Something is off that is for sure.

Brutus5000 · 12 Mar 2024, 16:40

I don't understand your problem. If 2 people play over LAN they are still running through the ice adapter.

Line 3 shows your external address retrieved via STUN. The rel address is just metadata and not used for connecting (I guess it just picked a random local ip)

Personne · 12 Mar 2024, 17:30

@brutus5000

You have information I do not have, that is a fact. I'm just trying to help.

If you refer to line 3 with the IP of 73.157.8.80 as my public IP -> is it not. But this is not the problem.

The Rel 10.0.0.63 IP is a non-routable IP, therefore only used on internal network, and indeed maybe used by LAN players anyhow 1 question:

Why does this IP is even trying to be accessed, as 1) it is not a public IP 2) None of my computers are in the 10.0.0.0/8 block.
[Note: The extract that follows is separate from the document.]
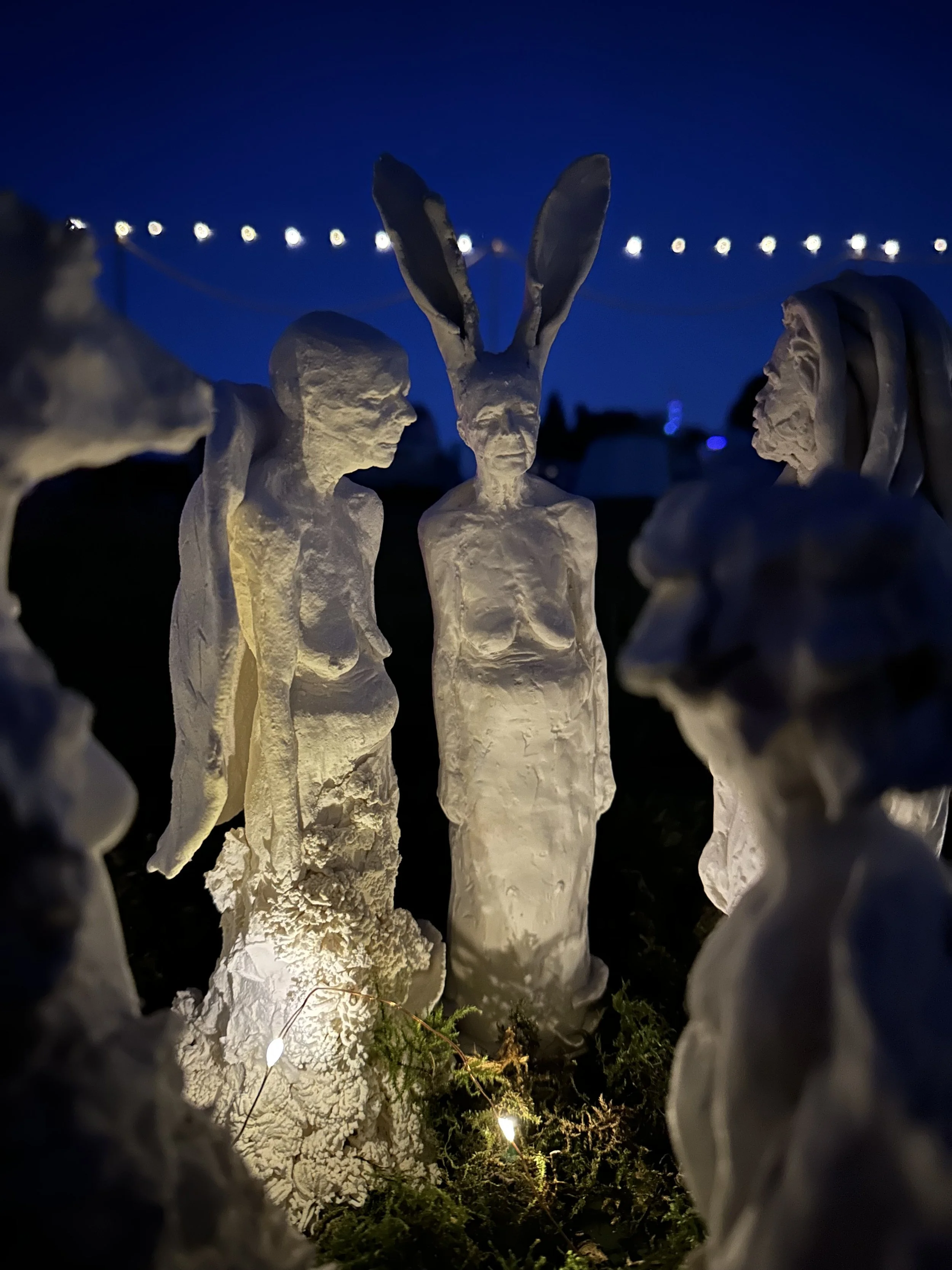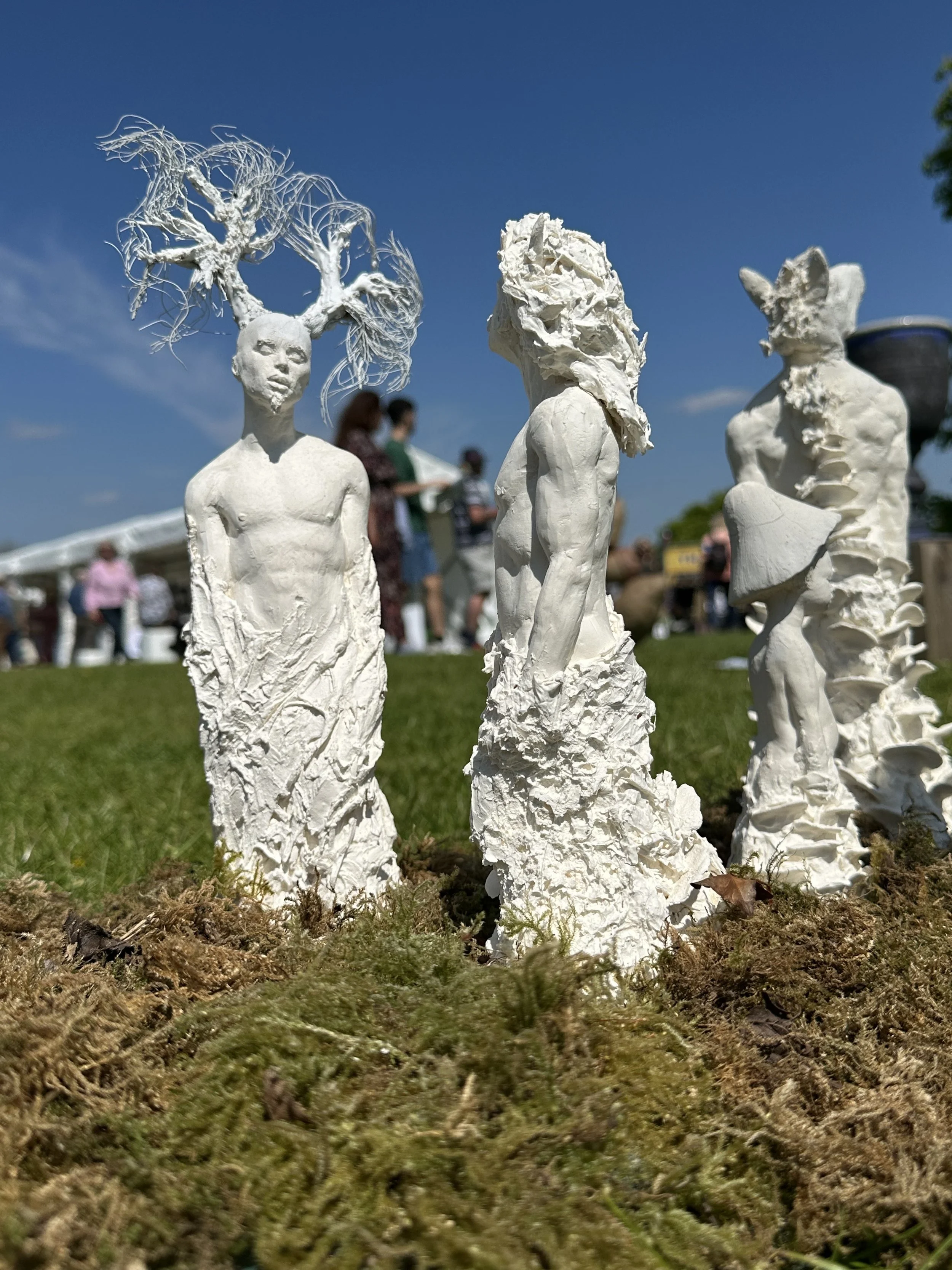 Children of Nature is a collaborative artwork that merges human, animal, plant and fungi - emphasizing our DNA similarities and oneness with nature. Thus far, the installation comprises around 100 hybrid porcelain figurines, placed in the formation of a ceramic fairy ring - a sacred space where viewers are encouraged to step inside and immerse themselves in the magic.

On the other ends, when assigning the coturn to Finland or Germany, I cannot connect to any games - even with all FW remove from the network. Are these 2 coturn being hammered with DDDOS 24/7 ?

Brutus5000 · 12 Mar 2024, 19:56

Host candidates are all candidates "harvested" from your network interfaces - virtual or physical. So a 10.x.x.x address or 172.x.x.x appearing that you don't know could be a virtual machine network adapter or a docker network. Other ip addresses could stem from VPNs or other network services (Hamachi, ...)
Server relexive is the ip address a coturn server sees when you connect to it. If 73.157.8.80 is not your public ip, there indeed is a problem. Are you sitting in front of a proxy maybe? What does https://ifconfig.me show as IP?
Relayed candidates are basically the ip addresses of the Coturn servers that offer TURN traffic proxying,

And yes basically all our self-hosted coturn servers get DDoS hammered as soon as we publish the ip.
Global is a 3rd party service that cannot be ddosed.